*PROVIDED INFORMATION:*
====
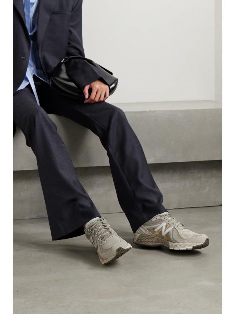 - Light-gray, mushroom and beige mesh, cream and light-gray leather
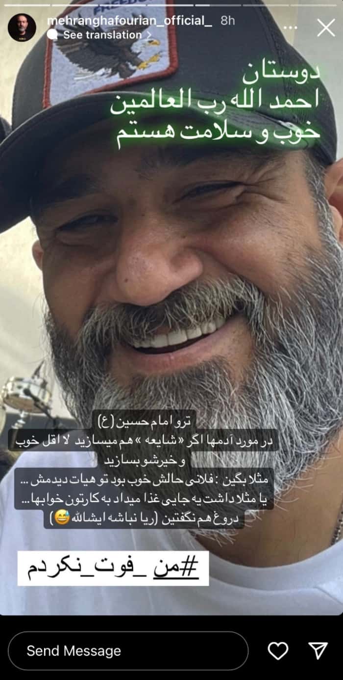 مهران غفوریان در پایان هم با استفاده از هشتگ من فوت نکردم، شایعه فوت اش را تکذیب کرد.
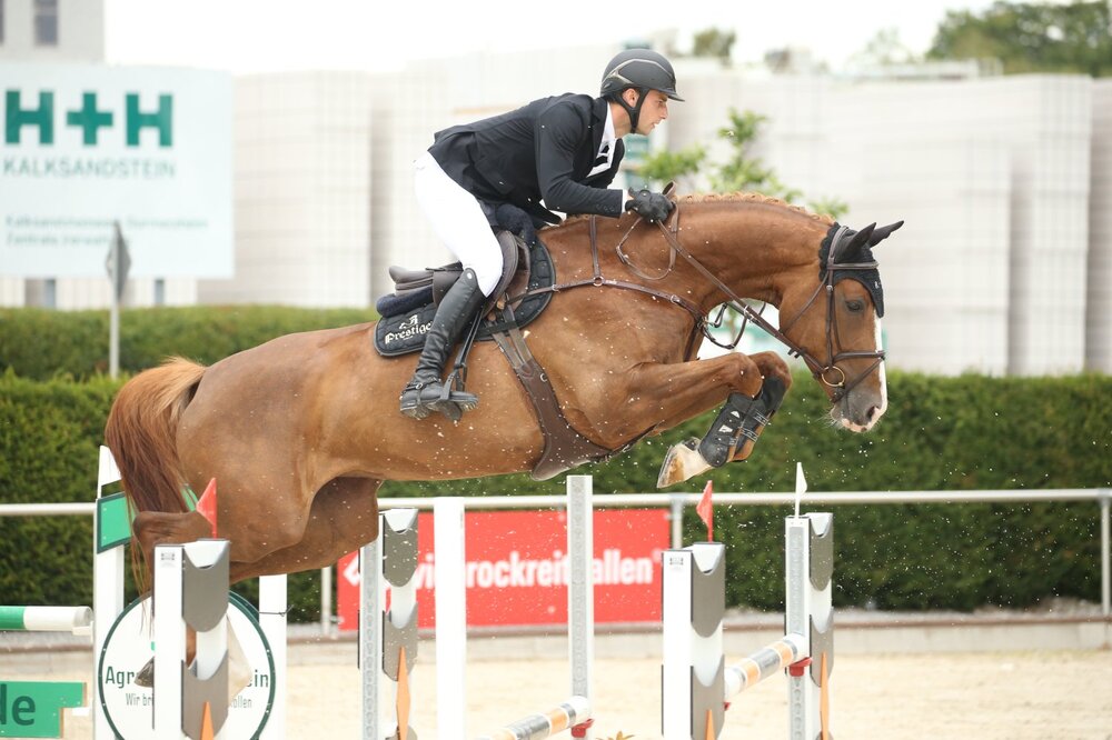 Drei Springen der Schweren Klasse bot das Turnier in Darmstadt-Kranichstein und dreimal führte kein Weg vorbei an Richard Vogel. Bereits am Donnerstag entschied der 24-Jährige im Sattel der Holsteiner-Stute Charisma mit über drei Sekunden Vorsprung die Springprüfung der Klasse S* für sich. Am darauffolgenden Tag holte sich Vogel den Doppelsieg. In der Zwei-Phasen-Prüfung über 1,40m galoppierte der Profi auf DSP-Hengst Carlchen zum Sieg, mit dem 10-jährigen Cassito-Sohn Churchill (Z.: Josef Gronmayer) landete Vogel auf Rang zwei. Auch die Geschwister Krieg waren in dieser Prüfung erfolgreich. Niklas Krieg sicherte sich im Sattel von Quater past den vierten Platz, mit Alexis belegte er Rang neun direkt hinter Schwester Leonie Krieg, die den Holsteiner-Wallach Cashmere gesattelt hatte. Auch im Großen Preis am Sonntag, einem S*-Springen mit Stechen, war Richard Vogel nicht zu schlagen. Er hatte gleich drei Eisen im Feuer. Im Stechen, in welches lediglich drei Paare einzogen, hatte der Top-Reiter auf Schimmelhengst Churchill die Nase vorn und sicherte sich mit dem Come il faut-Sohn Carlchen Rang drei. Trotz Fehler im Umlauf platzierte sich Vogel ebenfalls noch mit der Uriko-Tochter Charisma auf dem achten Platz. Günter Treiber verpasste zwar knapp den Einzug ins Stechen, landete jedoch im Sattel seiner drei Pferde Emadermus, Curtis und Top Gun auf Rang vier, fünf und sechs. (lb)
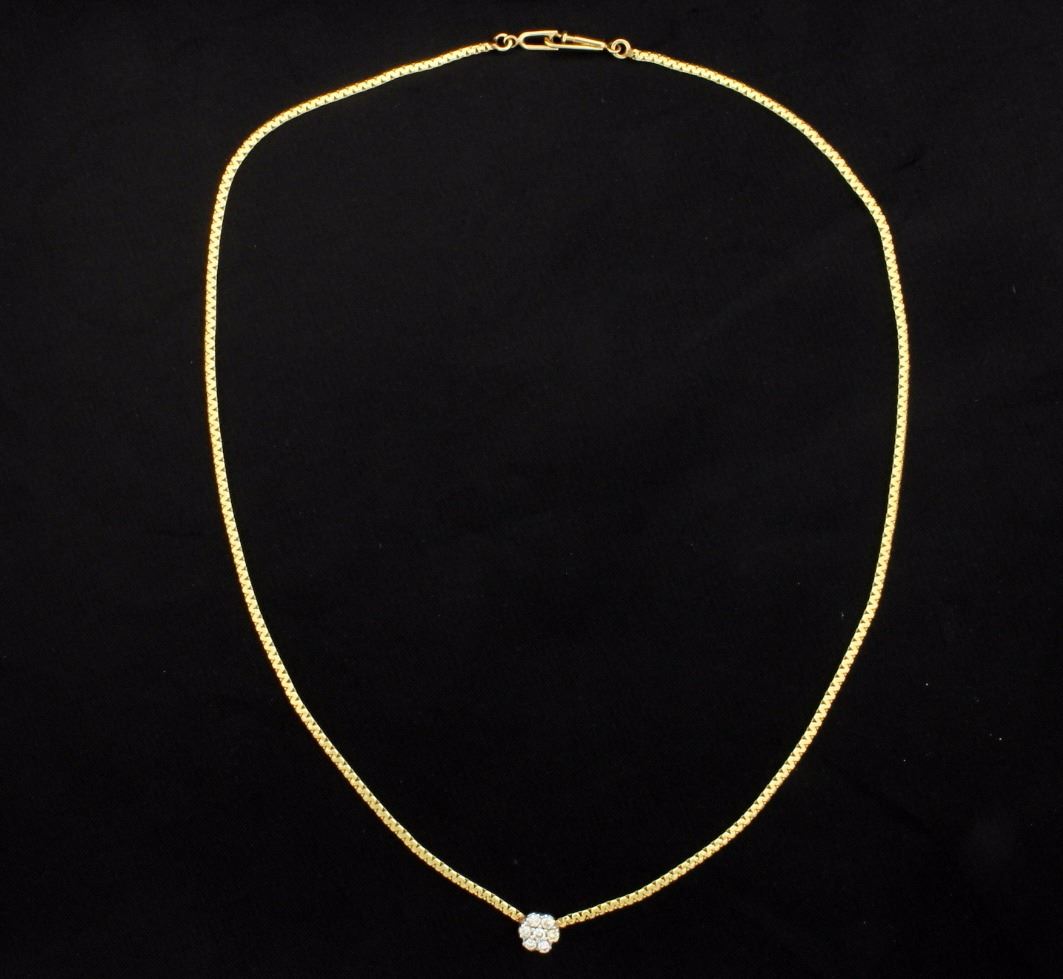 In 14K yellow and white gold, the necklace contains 1/4ct total weight of diamonds and is 15 1/2 inches long with a plunger clasp. 4.1g
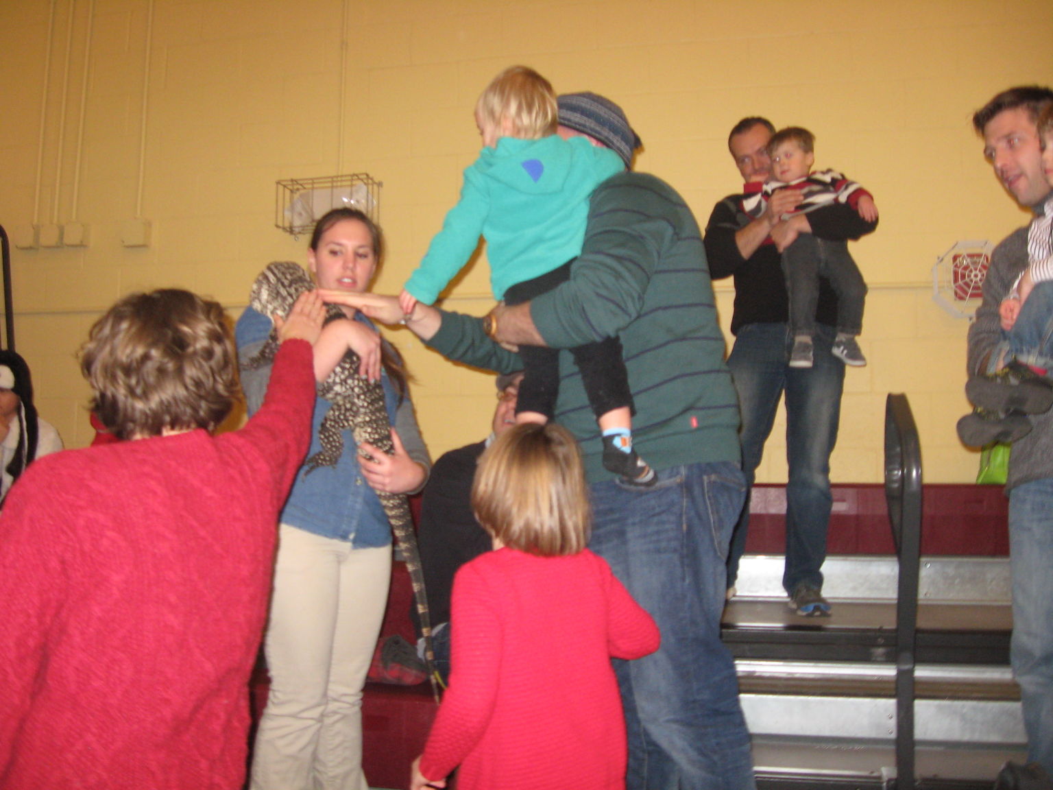 Matt Paul of Gorham holds his 2-year-old son, Jude Paul, who is reaching out to touch a black and white tegu named Monster, a member of the lizard family, displayed by Sarah Cantwell of Wildlife Encounters during the New Year Gorham celebration in Shaw Gym on Dec. 31. Staff photos by Robert Lowell
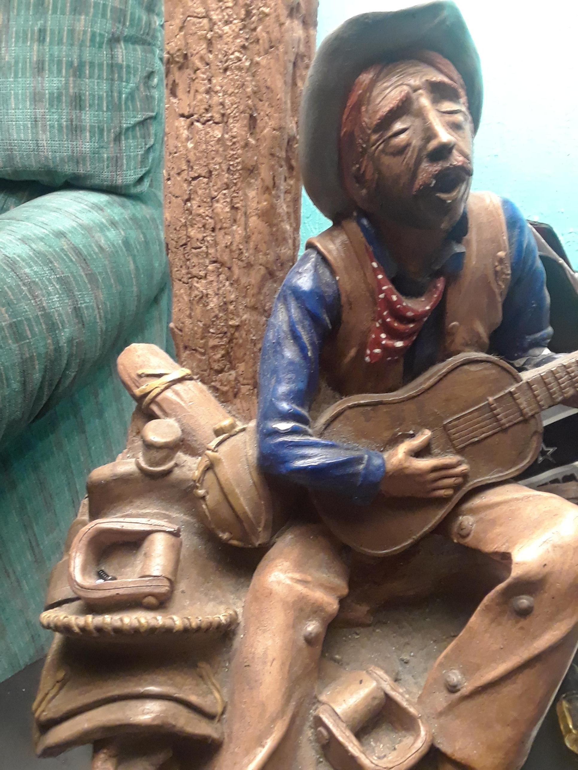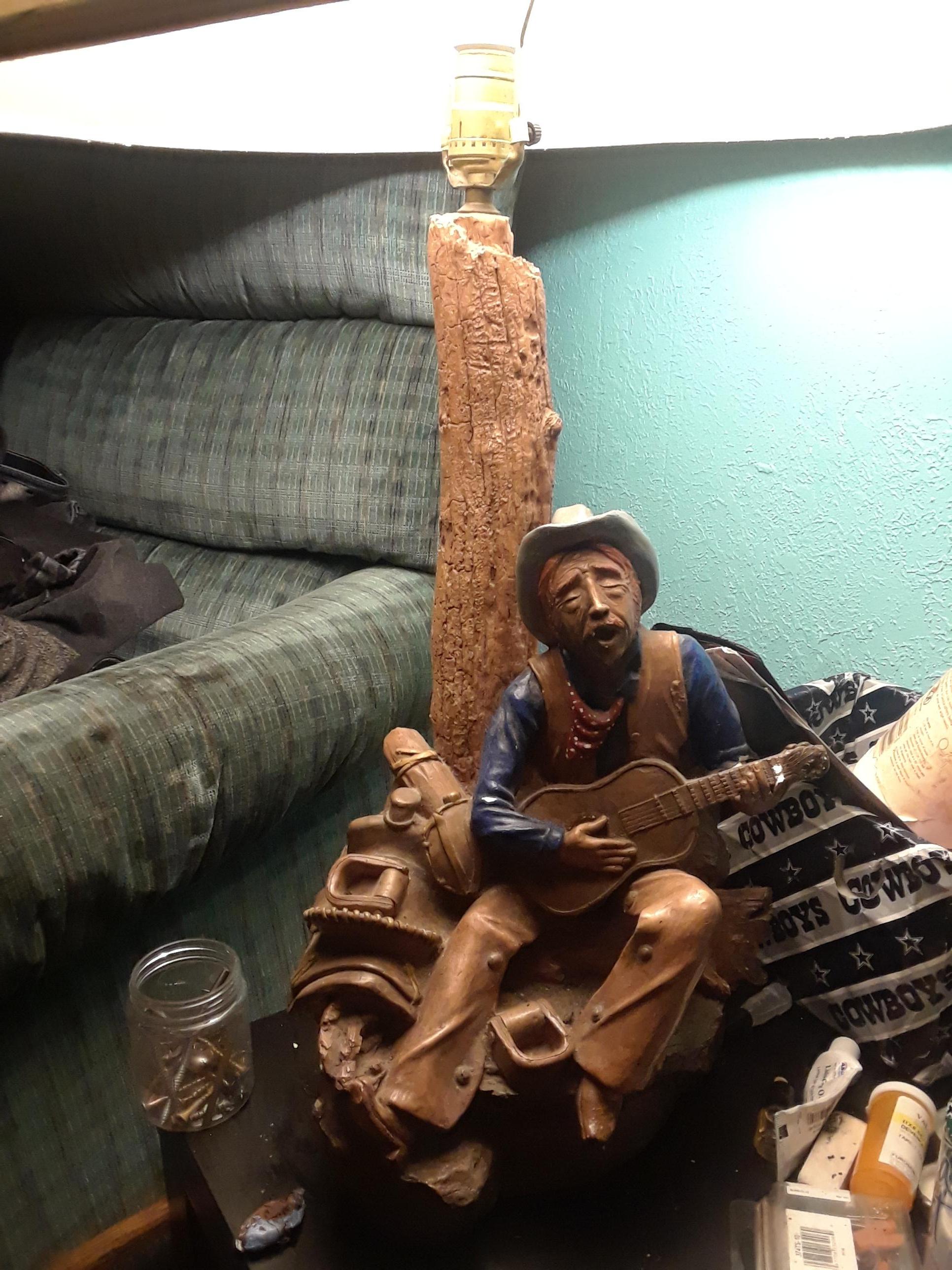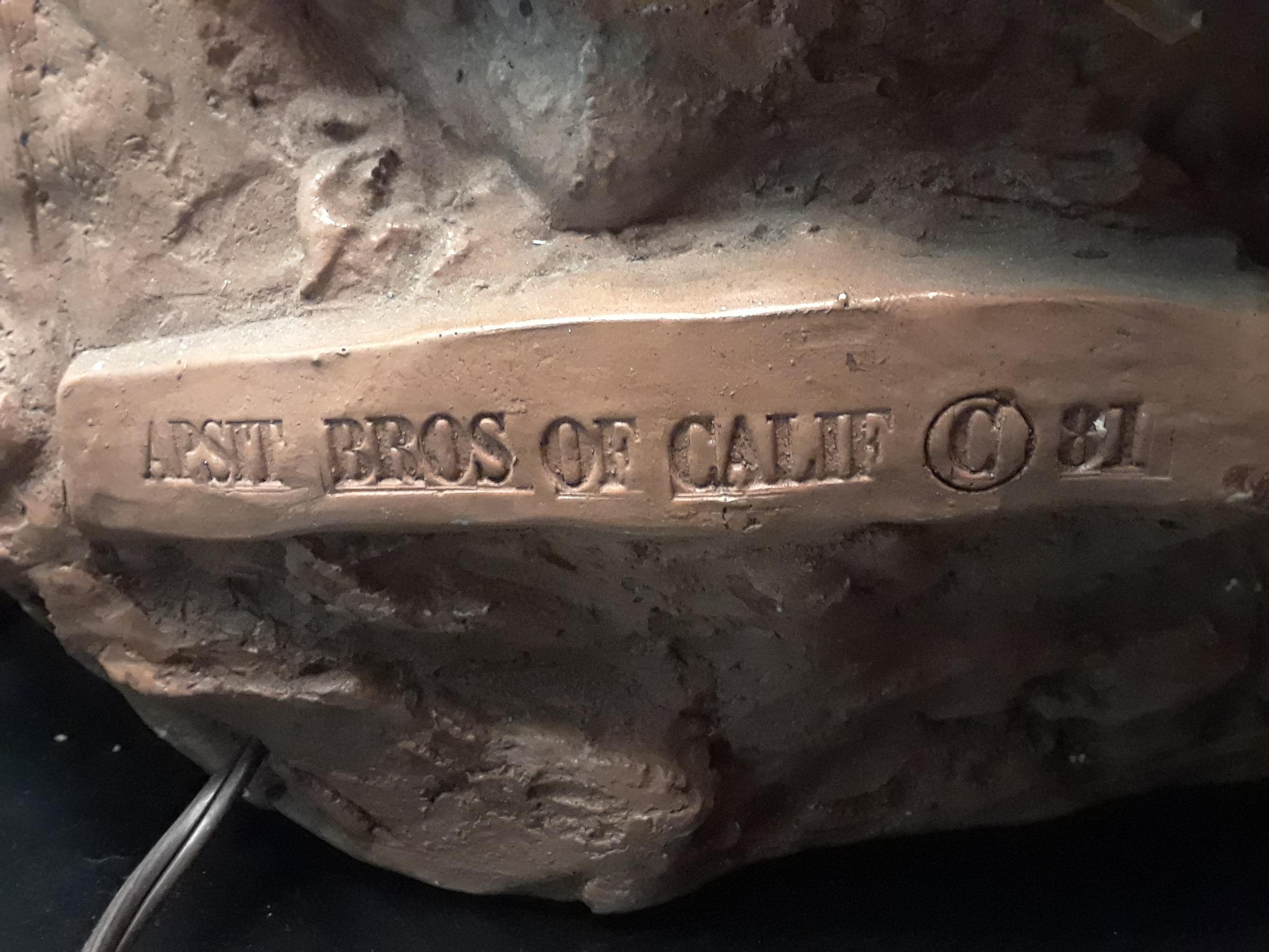 This is a lamp I have. He is about 2-2 1/2 ft tall and 1 ft wide (approximately) and heavy. He is sitting on a log next to a horse saddle and a fish net (or banjo) hosding a guitar. On the side is carved "Aspit Bros of Calif c 81" but i cant find this lamp anywhere. Please help me.
====
*TASK DETAILS:* From the first line to the last, repeat the records exactly, leaving out the pictures.

*SOLUTION TO THE EXERCISE:*
 - Light-gray, mushroom and beige mesh, cream and light-gray leather
 مهران غفوریان در پایان هم با استفاده از هشتگ من فوت نکردم، شایعه فوت اش را تکذیب کرد.
 Drei Springen der Schweren Klasse bot das Turnier in Darmstadt-Kranichstein und dreimal führte kein Weg vorbei an Richard Vogel. Bereits am Donnerstag entschied der 24-Jährige im Sattel der Holsteiner-Stute Charisma mit über drei Sekunden Vorsprung die Springprüfung der Klasse S* für sich. Am darauffolgenden Tag holte sich Vogel den Doppelsieg. In der Zwei-Phasen-Prüfung über 1,40m galoppierte der Profi auf DSP-Hengst Carlchen zum Sieg, mit dem 10-jährigen Cassito-Sohn Churchill (Z.: Josef Gronmayer) landete Vogel auf Rang zwei. Auch die Geschwister Krieg waren in dieser Prüfung erfolgreich. Niklas Krieg sicherte sich im Sattel von Quater past den vierten Platz, mit Alexis belegte er Rang neun direkt hinter Schwester Leonie Krieg, die den Holsteiner-Wallach Cashmere gesattelt hatte. Auch im Großen Preis am Sonntag, einem S*-Springen mit Stechen, war Richard Vogel nicht zu schlagen. Er hatte gleich drei Eisen im Feuer. Im Stechen, in welches lediglich drei Paare einzogen, hatte der Top-Reiter auf Schimmelhengst Churchill die Nase vorn und sicherte sich mit dem Come il faut-Sohn Carlchen Rang drei. Trotz Fehler im Umlauf platzierte sich Vogel ebenfalls noch mit der Uriko-Tochter Charisma auf dem achten Platz. Günter Treiber verpasste zwar knapp den Einzug ins Stechen, landete jedoch im Sattel seiner drei Pferde Emadermus, Curtis und Top Gun auf Rang vier, fünf und sechs. (lb)
 In 14K yellow and white gold, the necklace contains 1/4ct total weight of diamonds and is 15 1/2 inches long with a plunger clasp. 4.1g
 Matt Paul of Gorham holds his 2-year-old son, Jude Paul, who is reaching out to touch a black and white tegu named Monster, a member of the lizard family, displayed by Sarah Cantwell of Wildlife Encounters during the New Year Gorham celebration in Shaw Gym on Dec. 31. Staff photos by Robert Lowell
 This is a lamp I have. He is about 2-2 1/2 ft tall and 1 ft wide (approximately) and heavy. He is sitting on a log next to a horse saddle and a fish net (or banjo) hosding a guitar. On the side is carved "Aspit Bros of Calif c 81" but i cant find this lamp anywhere. Please help me.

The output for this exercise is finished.